**Problem to solve**
For the listing below, output exactly the lines from the line with "マスクを着用しても、鼻を出し" up to and including the line with "Club Naval de Oficiales de Cartagena", and no other lines.

**Dataset records**
--- START ---

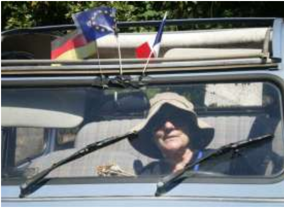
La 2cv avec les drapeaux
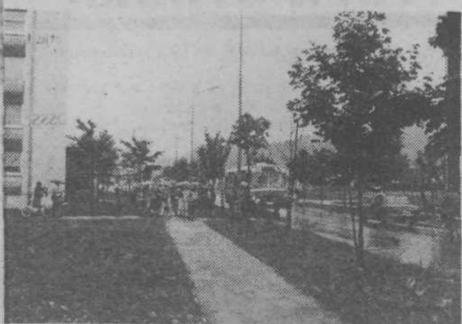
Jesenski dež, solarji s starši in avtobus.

--- END ---
--- START ---

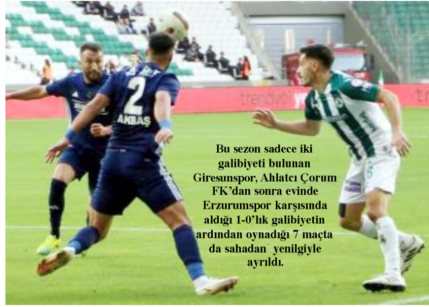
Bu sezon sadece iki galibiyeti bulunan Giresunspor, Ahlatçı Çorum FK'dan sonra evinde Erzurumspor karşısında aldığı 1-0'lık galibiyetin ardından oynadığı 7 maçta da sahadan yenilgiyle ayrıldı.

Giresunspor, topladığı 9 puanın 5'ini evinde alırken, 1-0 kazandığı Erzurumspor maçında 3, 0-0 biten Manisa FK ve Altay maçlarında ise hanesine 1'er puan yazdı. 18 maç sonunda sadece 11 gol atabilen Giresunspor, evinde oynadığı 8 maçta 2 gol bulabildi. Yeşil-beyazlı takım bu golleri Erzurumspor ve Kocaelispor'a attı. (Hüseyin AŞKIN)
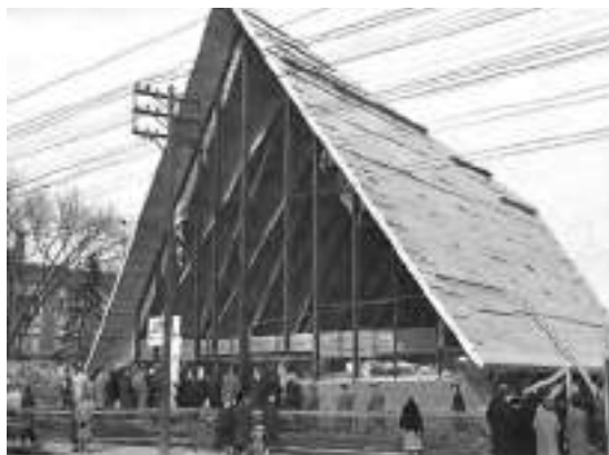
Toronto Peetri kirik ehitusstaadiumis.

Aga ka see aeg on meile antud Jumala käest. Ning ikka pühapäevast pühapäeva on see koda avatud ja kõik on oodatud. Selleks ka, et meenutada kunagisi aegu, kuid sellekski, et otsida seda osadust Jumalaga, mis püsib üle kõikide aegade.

--- END ---
--- START ---

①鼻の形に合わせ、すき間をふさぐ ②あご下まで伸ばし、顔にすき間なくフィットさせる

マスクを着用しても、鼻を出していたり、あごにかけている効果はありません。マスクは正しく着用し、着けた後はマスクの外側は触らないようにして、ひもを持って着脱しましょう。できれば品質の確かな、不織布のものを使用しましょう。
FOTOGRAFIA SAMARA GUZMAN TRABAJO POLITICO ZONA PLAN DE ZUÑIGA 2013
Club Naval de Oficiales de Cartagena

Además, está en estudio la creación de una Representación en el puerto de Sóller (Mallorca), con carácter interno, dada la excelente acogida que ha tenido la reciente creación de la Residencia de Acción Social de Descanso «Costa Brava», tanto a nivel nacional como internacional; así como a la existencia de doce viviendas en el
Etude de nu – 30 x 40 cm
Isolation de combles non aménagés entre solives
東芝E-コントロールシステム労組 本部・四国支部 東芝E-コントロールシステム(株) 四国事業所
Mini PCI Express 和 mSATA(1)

--- END ---

**Exercise result**
マスクを着用しても、鼻を出していたり、あごにかけている効果はありません。マスクは正しく着用し、着けた後はマスクの外側は触らないようにして、ひもを持って着脱しましょう。できれば品質の確かな、不織布のものを使用しましょう。
FOTOGRAFIA SAMARA GUZMAN TRABAJO POLITICO ZONA PLAN DE ZUÑIGA 2013
Club Naval de Oficiales de Cartagena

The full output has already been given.